Впрочем, снова по порядку. Что еще можно добавить, размышляя о Горбачеве? Пожалуй, Михаил Сергеевич «болел» той же болезнью, что и вся советская система, да и все мы, его приближенные. В своих рассуждениях он умел и любил сострадать народу, человечеству. Его искренне волновали глобальные проблемы, международные отношения с их ядер- ной начинкой. Но вот сострадать конкретным живым людям, особенно в острых политических ситуациях, не мог или не хотел. Защищать публично своих сторонников Горбачев избегал, руководствуясь при этом только ему известными соображениями. По крайней мере, я помню только одну защитную публичную речь — это когда он «проталкивал» Янаева в вице-президенты, которого с первого захода не избрали на эту должность. Это была его очередная кадровая ошибка.
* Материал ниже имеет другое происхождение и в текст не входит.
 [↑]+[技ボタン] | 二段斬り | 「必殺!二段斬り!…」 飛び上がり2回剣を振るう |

В то же время ловлю себя на мысли, что лично я не могу пожаловаться на его отношение к себе, особенно в первые годы совместной работы. Но его доброжелательность, доверительность в личных разговорах продолжались лишь до тех пор, пока Крючков не испоганил наши отношения ложью. Я не склонен думать, что Горбачев верил доносам Крючкова о моих «несанкционированных связях» (читай: «не санкционированных госбезопасностью») с иностранцами, но на всякий случай начал меня остерегаться. На всякий случай! Ничего не поделаешь, старые советские привычки. А вдруг правда! Ввел ограничения на информацию. Если раньше мне приносили до 100—150 шифровок в сутки, то теперь 10—15.
В сущности, он отдал меня на съедение Крючкову и ему подобным прохвостам.
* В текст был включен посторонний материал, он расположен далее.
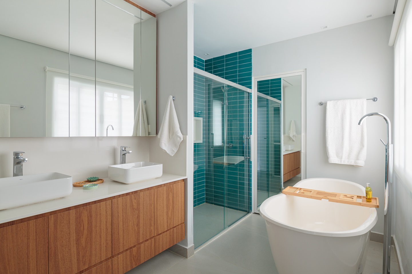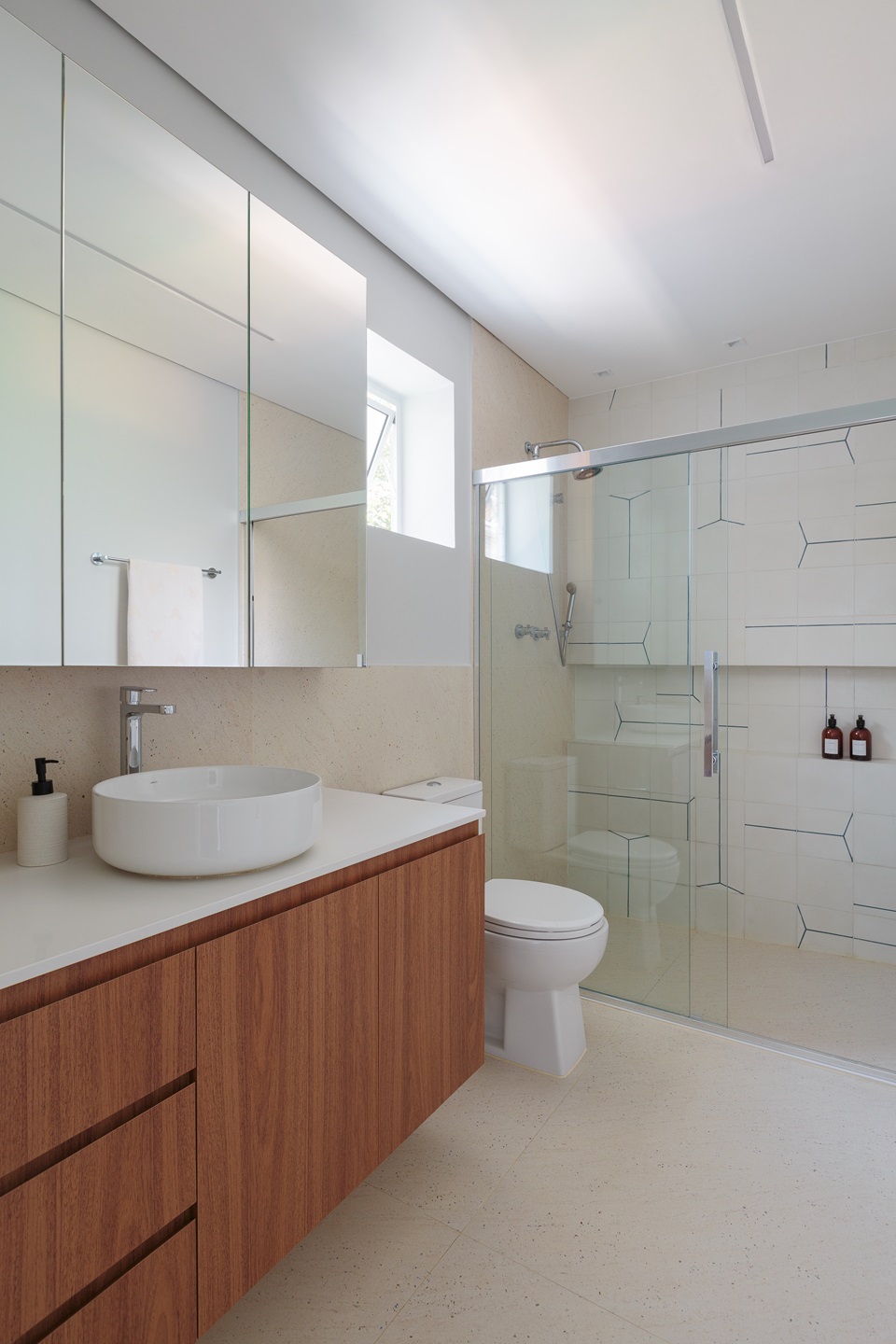 As esquadrias da Hertz Esquadrias trouxeram novas janelas amplas para a sala e o quarto do filho, além de um brise camarão que garante maior privacidade. As cubas elegantes dos lavabos são da Konkre, e as bancadas foram produzidas pela Marmoraria Paulista, complementando com perfeição o conceito de elegância e funcionalidade que permeia todo o projeto do Estúdio Maré.

Если бы я знал об этих играх, затеянных за моей спиной Крючковым, то повел бы себя совершенно по-иному. Я сумел бы показать подобным придуркам свой характер. Трудно теперь сказать, к чему бы это привело. Но в любом случае я бы забросил в мусорную корзину все мои колебания, сомнения, переживания, исходящие из чувства лояльности к Горбачеву, и начал бы действовать без оглядки, соответственно тому, как я понимал обстановку и интересы Перестройки.
Чувствуя кожей, что происходит что-то странное, я в то же время настолько доверял Горбачеву, что и в мыслях не допускал даже возможности двойной игры. Я даже перестал смотреть ему в глаза, боясь увидеть там нечто похожее на лицемерие. Возможно, ему надоели упреки и со стороны местных партийных воевод, требовавших моего изгнания из Политбюро. Возможно, что я становился ему в тягость из-за моего радикализма. Ревниво смотрел он и на мои добрые отношения со многими руководителями средств массовой информации и лидерами интеллигенции.
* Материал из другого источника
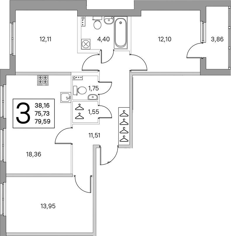 • Площадь кухни18,36 м2
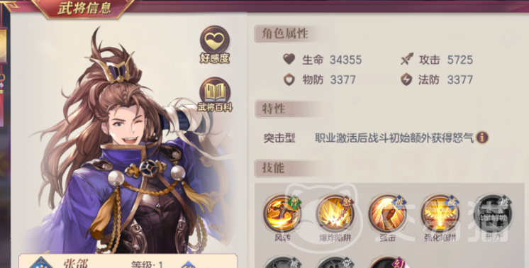 张郃这是不少玩家都想要得到的武将,各方面的属性都很不错,生命值达到34,355,攻击数值为5725,物理防御为3377,拥有突击型的特性职业,一旦在激活之后就可以额外获得怒气。另外还有多个不同的技能,而这些技能分别是风转、爆炸陷阱、强击、利刃,对玩家而言,在获得这一个角色之后,实力比较出色。

Задним умом, которым, как известно, все крепки, я оцениваю ту давнюю ситуацию следующим образом. Михаил Сергеевич не мог швырнуть меня в мусорную яму, как изношенный ботинок, от которого одни неприятности, да и гвозди торчат. Но и не решался поручить мне что-то самостоятельное. А ему продолжали нашептывать, что Яковлев подводит тебя, убери его — и напряженность в партии и обществе спадет. В свою очередь он продолжал тешить себя компромиссами, которые, как ему казалось, верны в любых обстоятельствах и во все времена.